In response to a question about the role of Kentucky’s Department of Environmental Protection, Mr. Voyles stated that the department implements and enforces federal rules. Mr. Brewer added that state officials have been commenting on newly noticed federal rules and are trying to get the standards reduced.
In response to a question about informing the public about rate increases, Mr. Voyles stated that public notification occurs when a request for a rate increase is filed with the Kentucky Public Service Commission. There is a notice in the bill; there are also inserts, open houses, and public forums.
Discussion by the Kentucky Public Service Commission on the Future Regulation of Electric Utilities
Jeff Derouen, executive director of the Kentucky Public Service Commission, identified the requests for rate increases by utility and furthered that more are expected. The two basic recovery mechanisms on rates are the environmental surcharge and the request for a certificate of convenience and necessity, commonly referred to as a CPCN or construction certificate.
In response to a question about self audit of the environmental surcharge to determine whether overcharges occur, Mr. Derouen stated there is a “true up” on the environmental surcharge every 6 months. Actuals are compared to requests. There can be charges added or retired throughout this process depending on the number of environmental mandates that raise the utility’s cost of doing business. Surcharges do not work on a first in-first out (FIFO) basis.
In response to a question about the number of years a debt is amortized, Mr. Richard Raff, attorney with the PSC, replied that it is dependent on depreciation schedules set by the Internal Revenue Service.
In response to a question about which costs are recoverable through the environmental surcharge, Mr. Derouen explained that the costs must be “proven costs” and that companies are entitled to a reasonable rate of return. Mr. Raff added that the utility’s cost of acquiring capital is a “capital cost” and is entitled to recovery through the environmental surcharge.
Rep. Gooch described a report from the United States Chamber of Commerce entitled Progress Denied which would be sent to members of the committee.
Kentucky Department of Fish and Wildlife Discussion of Sandhill Crane Populations in Kentucky
Dr. Jon Gassett, Commissioner of the Department of Fish and Wildlife, described the proposal for a hunting season for sand hill cranes. The proposed season will not jeopardize the crane population. Hunters have been involved in species recovery efforts in Kentucky and then limited hunting of that species occurred. Sandhill cranes are a migratory bird and hunting must be approved by the United States Fish and Wildlife Service. There are two plans, one for the state and one for the population as a whole.

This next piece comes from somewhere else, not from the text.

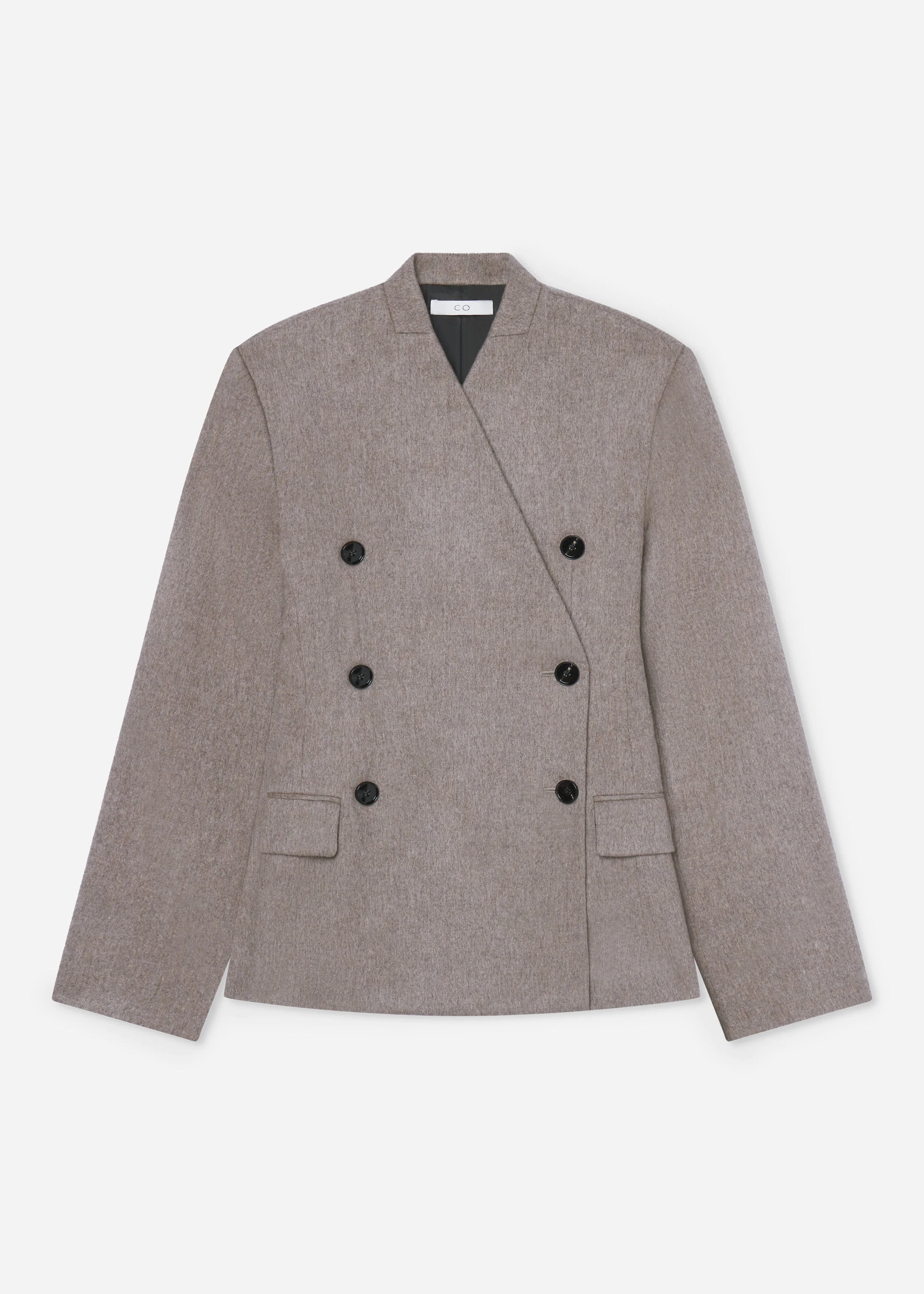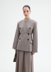 Tailored in soft brushed virgin wool-cashmere blend flannel, this jacket offers a refined reinterpretation of classic suiting. Designed with a sharp, collarless neckline and clean crossover front, the silhouette is sculpted yet relaxed. Detailed with a double-breasted closure and flap pockets, it’s fully lined for ease and comfort. The oatmeal melange tone enhances the texture and softness of the fabric. Details - Oatmeal - 100% Virgin Wool - Fully Lined - Button Closure - Dry Clean Only - Style Number: 6180BWCF-F255 Size & Fit - Designed to be oversized. - We recommend sizing down.

Dr. Karen Waldrop explained that Kentucky falls into the eastern population management plan. There are 60,000 sand hill cranes in Kentucky and the plan is predicated on five year minimum populations to set yearly numbers that can be hunted. Kentucky’s plan is more stringent than what is allowed by the United States Fish and Wildlife Service.
In response to a question about conflicts between bird watchers and hunters, Dr. Gassett stated the state plan does address opportunities for bird watchers. The hunting season will begin only after the popular bird watching season.
In response to a question about how hunting permits are issued, Dr. Gassett replied that permits will be allotted based on a quota hunt application. There will be no charge to apply, but the applicant must possess a valid Kentucky hunting license. In response to second question on whether only Kentucky residents would be allowed to participate, Dr. Gassett explained out-of-state applicants may apply but those applicants must possess a Kentucky license at the time of application. Because the license is required at time of application, it is likely that the largest number of participants will be Kentucky waterfowl hunters.
After a motion and a second the meeting adjourned at 3:25 PM (EDST).